Study Design and Subjects
We conducted a cross-sectional study on [beta]-thalassemia patients who used BTIC and BMT in Shiraz province (Southern Iran). Two hundred ten subjects were selected from 2 hospitals using simple random sampling. The sample included BTIC patients who constantly visited the hospitals and had a medical record, BMT patients whose medical record and addresses or phone numbers were available, and patient with no congenital disease (160 users of BTIC and 50 users of BMT). All patients were listed in a Microsoft Excel sheet and then, based on random figures table, 160 users of BTIC and 50 patients who have undertaken BMT were selected. From the selected patients 6 in BMT and 8 in BTIC group were not able to attend in the study because of death of BMT patients, change in address, and unwillingness to participate in the study. All remaining subjects signed an informed consent form. All the selected patients were asked to fill out SF-36 and EQ-5D questionnaires by a trained investigator. In the cases that patients do not have enough literacy to understand questionnaire's items and for the children, the questionnaire completed through interview with patient. Before filling out the questionnaires or performing interviews, the patients received information about the purpose and applications of the research. QoL data for BMT patients were collected between 8 months and 18 years after BMT. For BTIC patients questionnaire were filled in the time they refer for blood transfusion. Patients with less than 50% of national average income were classified as low-income level, and patients with higher 50% of national average, were classified as highincome group. The remaining were classified as middleincome group. In the end, valid questionnaires were collected from 196 patients (152 BTIC and 44 BMT patients).
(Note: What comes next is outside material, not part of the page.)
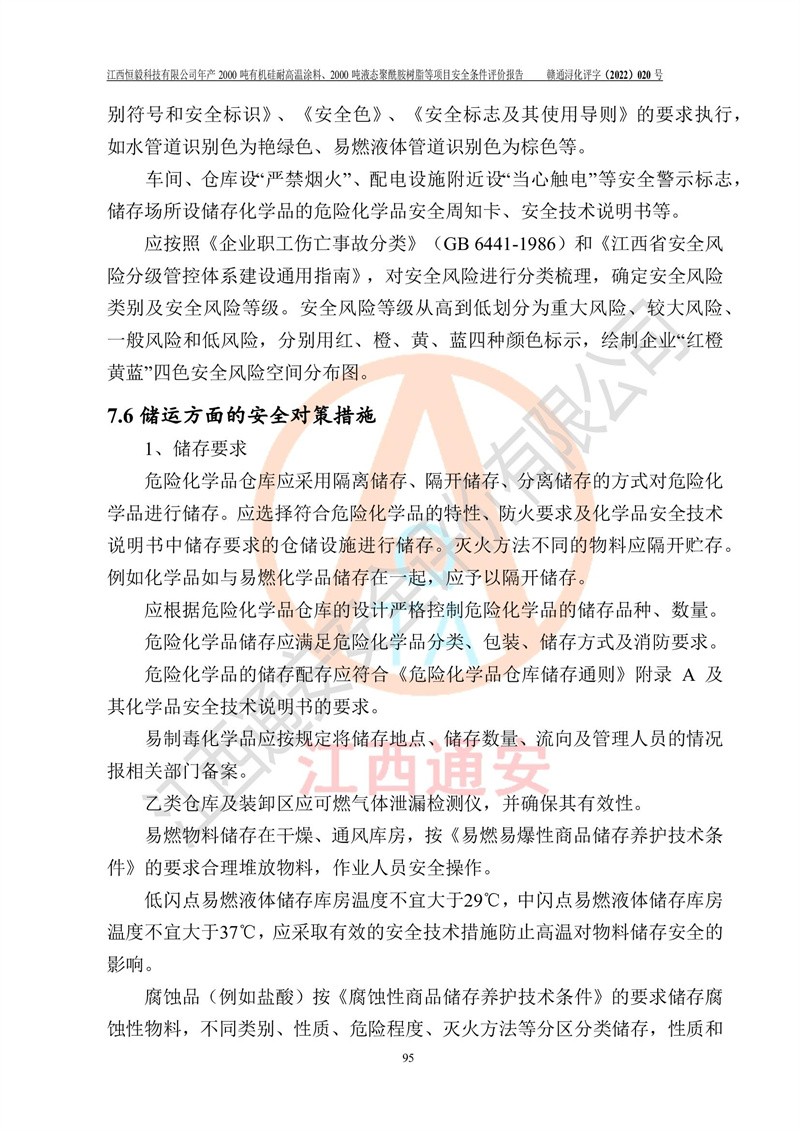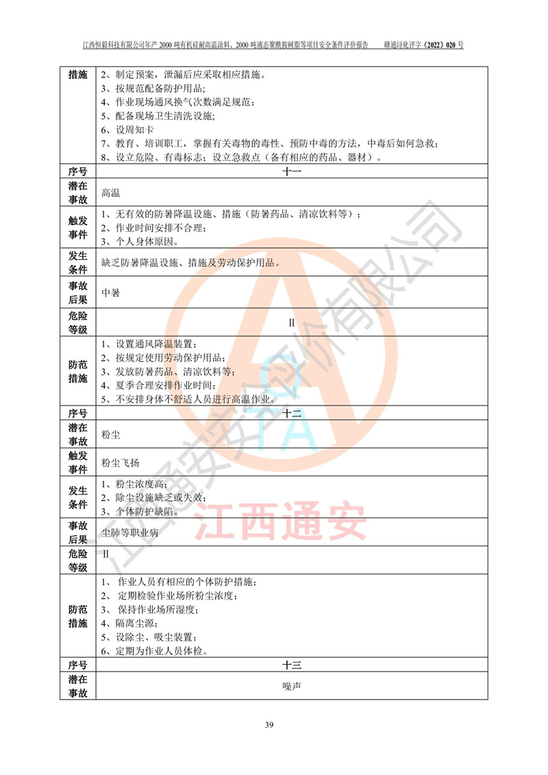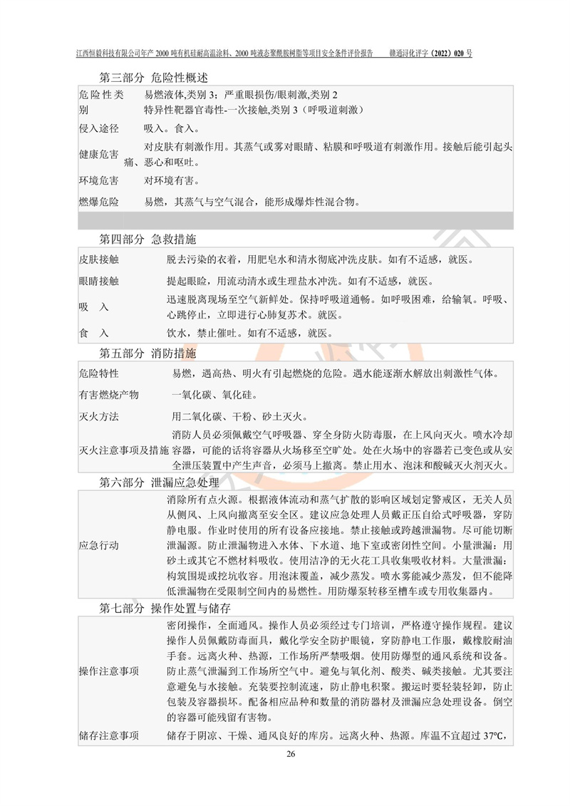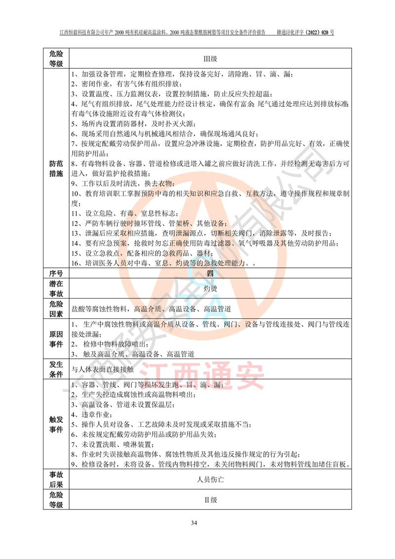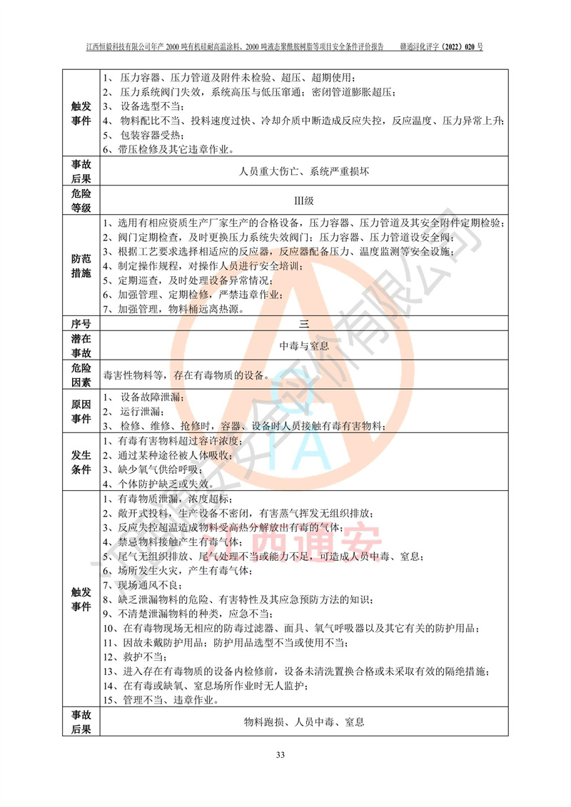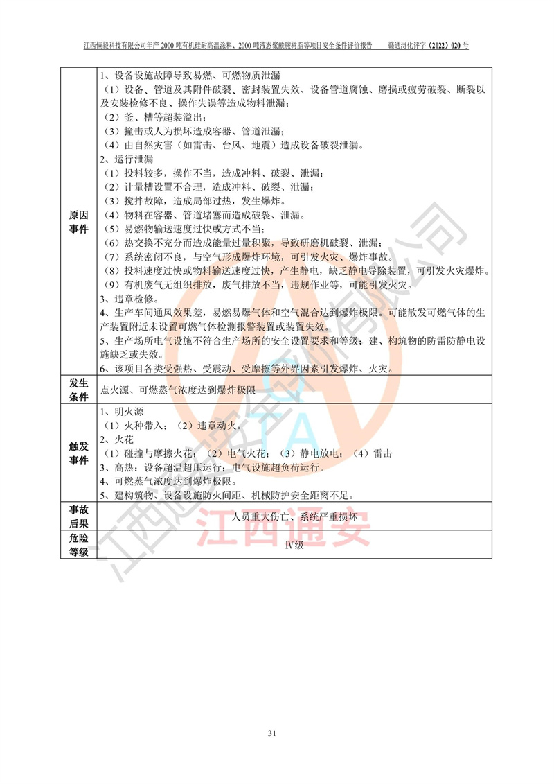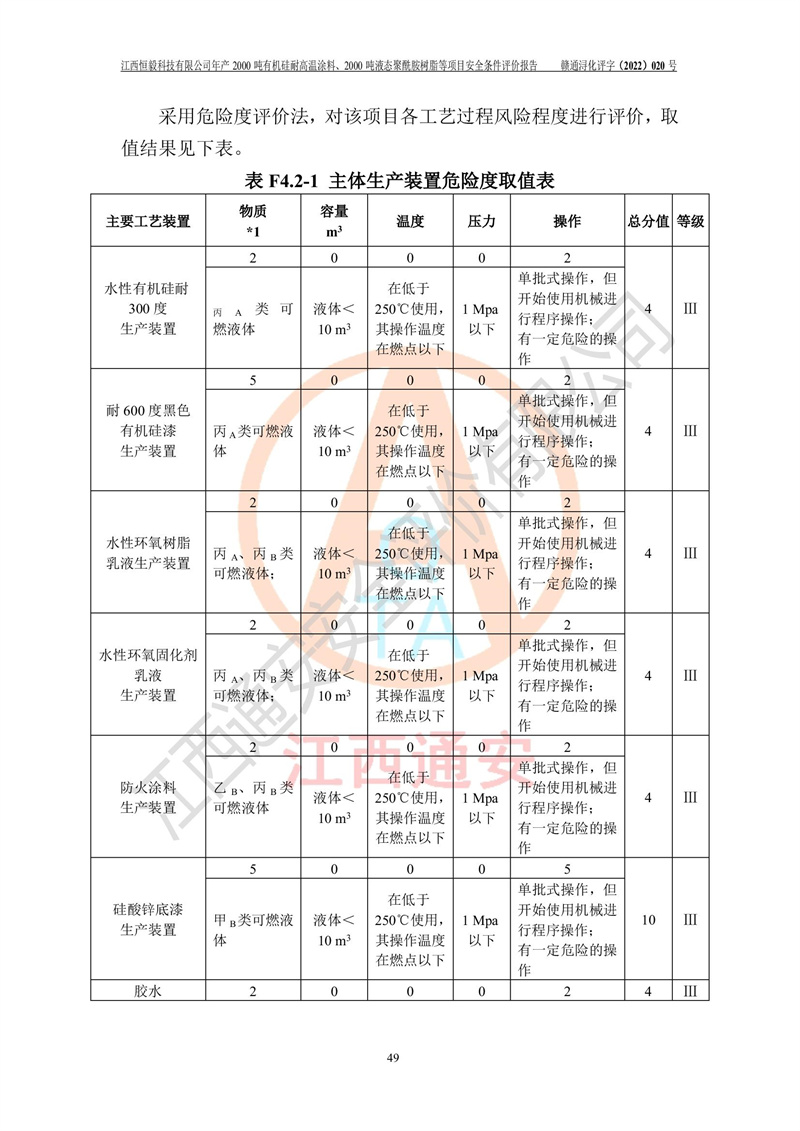 评价结论 | 江西恒毅科技有限公司年产2000吨有机硅耐高温涂料、2000吨液态聚酰胺树脂等项目的选址、总体布局、周边环境、自然环境能满足建设安全条件;项目选择的工艺过程及设备设施的安全可靠性能达到**法规、标准规定要求;项目存在的危险有害因素可控,在落实本评价报告提出的有关安全对策措施后,其危险有害程度能达到可以接受的程度,项目建设能够实现安 全运行的目标。 | ||||

Data were gathered using 3 instruments: a socio-demographic questionnaire, the validated Persian version of EQ-5D 3L, EQ visual analog scale (VAS), and SF-36. (21) EQ-5D is one of the general tools for measuring QoL. It has 2 parts. The first part contains 5 questions about mobility (MO), self-care (SC), usual activities (UA), pain/discomfort (P/D) and anxiety/depression (A/D). Each question has 3 possible answers, including no problem, some or moderate problem, and severe or extreme problem. In this study, due to the absence of a locally set of values, as suggested by EuroQoL Group, the EQ-5D index score was calculated using the UK EQ VAS value set. The second part (EQ VAS) is a graded tool for health status where the respondents select a score from 0 to 100 to represent their level of health, with higher scores indicating better QoL. (15,22,23) Short Form Health Survey (SF-36) is another instrument used for assessing general health of [beta]-thalassemia patients. This is also a general tool for measuring QoL in different contexts.(24) SF-36 assesses general health in eight dimensions: physical functioning (PF), role physical (RP), bodily pain (BP), general health (GH), role emotional (RE), social functioning (SF), vitality (VA), and mental health (MH). The mean of these dimensions is calculated from 0 to 100, with 0 and 100 indicating the worst and the best health conditions, respectively. (8)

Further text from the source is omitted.